Backtack
The needle scratched against the vinyl, a sound like dry bone dragging over velvet.
I’d been sitting in the dark of my study, the low glow of the turntable casting long, trembling shadows against the walls. It was three in the morning—that hollow, heavy hour when the house sighs and the floorboards settle into a stillness that feels like waiting. I had the headphones on, eyes drifting shut, losing myself in the dense, swirling atmosphere of that old 80s psych-rock record. The music was a ritual, a comfort I’d sought out for years.
Then, the song ended. Or rather, it began to end.
The main melody spiraled down, dissolving into a chaotic, discordant hiss. My consciousness was fraying at the edges, caught in the threshold between wakefulness and a dream, when the rhythm shifted. The sound didn't just stop; it warped. It stretched, the pitch dropping into a sub-sonic growl that vibrated deep in my marrow, turning the air in the room uncomfortably cold.
*Click-clack. Whir.*
The vinyl was spinning backward. But it wasn't the usual muddy, reverse-reverb blur. It was crisp. Too crisp. A voice, detached and wet, rose from the static—not a human voice, but a jagged approximation of one, stitched together from the wreckage of the track.
*“The shadow… is hungry,”* it hissed, the words curling around my ears like smoke.
I tried to pull the headphones off, but my hands felt heavy, weighted by some unseen pressure. My heart hammered against my ribs, a trapped bird desperate to escape.
*“The blade… in the kitchen… find the pulse… end the silence.”*
The command was so precise, so intimate, it felt like a cold needle being pressed directly into my brain. The music had become a jagged, rhythmic pulsing—the sound of a heartbeat, amplified and slowed to a death-rattle. Each beat of the percussion felt like a hammer blow against my skull.
I ripped the headphones off and threw them across the room, but the sound didn't stop. The silence that followed was worse. The house, usually so familiar, suddenly felt alien. The shadows in the corner of the room seemed to have detached themselves from the walls, elongated and breathing.
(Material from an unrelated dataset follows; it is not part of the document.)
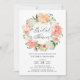 Rosas de pêssego e Chá de panela Hydrangeas Wreath. Chá de panela personalizável com ilustrações de cor d'água rosas de pêssego e marfim, pêssegos e híbridos com sotaque de folhagem. Este convite floral é perfeito para chás de panela de primavera e jardim. Itens correspondentes estão disponíveis.
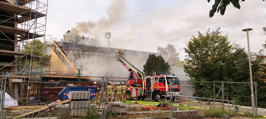 Nachtrag: 16.19 Uhr /die Feuerwehr ist aktuell mit über 100 Kräften vor Ort, es herrscht weiterhin starke Rauchentwicklung. Die Feuerwehr hat mindestens zwei Straßen um die Kirche gesperrt.

I stood up, my legs shaking, and looked toward the kitchen door. The air there seemed to thicken, a dark, viscous pressure pulling me toward the steel. I hadn't touched that record in weeks, and yet, the needle had moved to a track that hadn't been there before—a track that wasn't on the sleeve, a track that smelled of ozone and damp earth.
I knew, with a terrifying, absolute certainty, that if I walked into that kitchen, I wouldn't be walking back out. I backed away, my breath coming in jagged gasps, but the voice wasn't coming from the speakers anymore. It was coming from the walls. From the floorboards. From the very pulse of the house itself.
It wasn't a hidden message on an album. It was an invitation, and the house had finally decided to accept.